Lawson points to two selections from Winding Though Life, “Heaven Alone Will Satisfy Me” and “If Jesus Is There”, as examples of the music he learned from his father. Lyrically, they’re simple statements of rock-solid faith, but harmonically, they’re deceptively complex, with subtle chord shifts and voicings rarely heard in traditional bluegrass.
This formative exposure had a major effect on Lawson’s development as a musician. It was the underpinning for a lifelong fascination with vocal arrangement, noticeable even in his earliest recordings as a member of J.D. Crowe’s Kentucky Mountain Boys in the late ’60s. It’s even more evident in the entire body of Quicksilver’s work, sacred and secular. It explains why he could see the potential of a song such as Randall Hylton’s lushly chorded “My Heart Is Yours” and shape it into a performance that is heartfelt yet remarkably precise in its execution. And because much of his early experience with gospel music was in its primary form, Lawson was in a position to reinvent its introduction into the bluegrass band setting, much as Bill Monroe and other first-generation artists had done decades before.

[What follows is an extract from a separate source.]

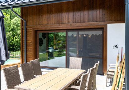 - Z veľkej svetlej obývacej izby, ktorá je srdcom domu a štýlovej jedálne, môžete vyjsť na terasu s miestom na odpočinok, grilovaním a bazénom. V jedálni boli použité terasové dvere HST, ktoré zaručujú plynulý bezbariérový priechod, čo je nepochybne veľká výhoda pre hostí. V obývacej izbe však bolo zvolené balkónové okno spojené s pevným zasklením

Somewhat apart from his musical instincts, the Christian awakening Lawson experienced in May, 1985 played a major role in his decision to devote much of his energies to the sacred side of bluegrass, and to become a presence in the mostly separate milieu of Christian music. Is it a ministry? “Yes it is,” responds Lawson. “It’s a way for us to be a witness. I don’t think it’s necessary to carry a sign on your back and tell the people that you are. I think the way that you live and lead your life each and every day is an example for people that they can look and pretty well know what kind of person you are.”
Sometimes the impact is more than just musical. Lawson tells of one such encounter involving a man he met at one of his concerts. “He had been in trouble most of his life. He’d been in prison for years. He’d been involved in drugs. ‘You name it,’ he said, ‘I’ve done it.’ He said he had gone to meet his supplier to buy more drugs, and he heard a song on the radio by Doyle Lawson & Quicksilver, and the song was ‘There Is A God’. And he said he had a feeling come over him like he’d never had before.
“And he got in his car and he left. And he said, ‘I don’t know if [the supplier] ever showed up or not. I haven’t seen him since, because just a short while after that I gave my life to the Lord.’ Stories like that…when they come and tell me things like that, you know, that makes me thankful that we have done something that would be positive in somebody’s life.”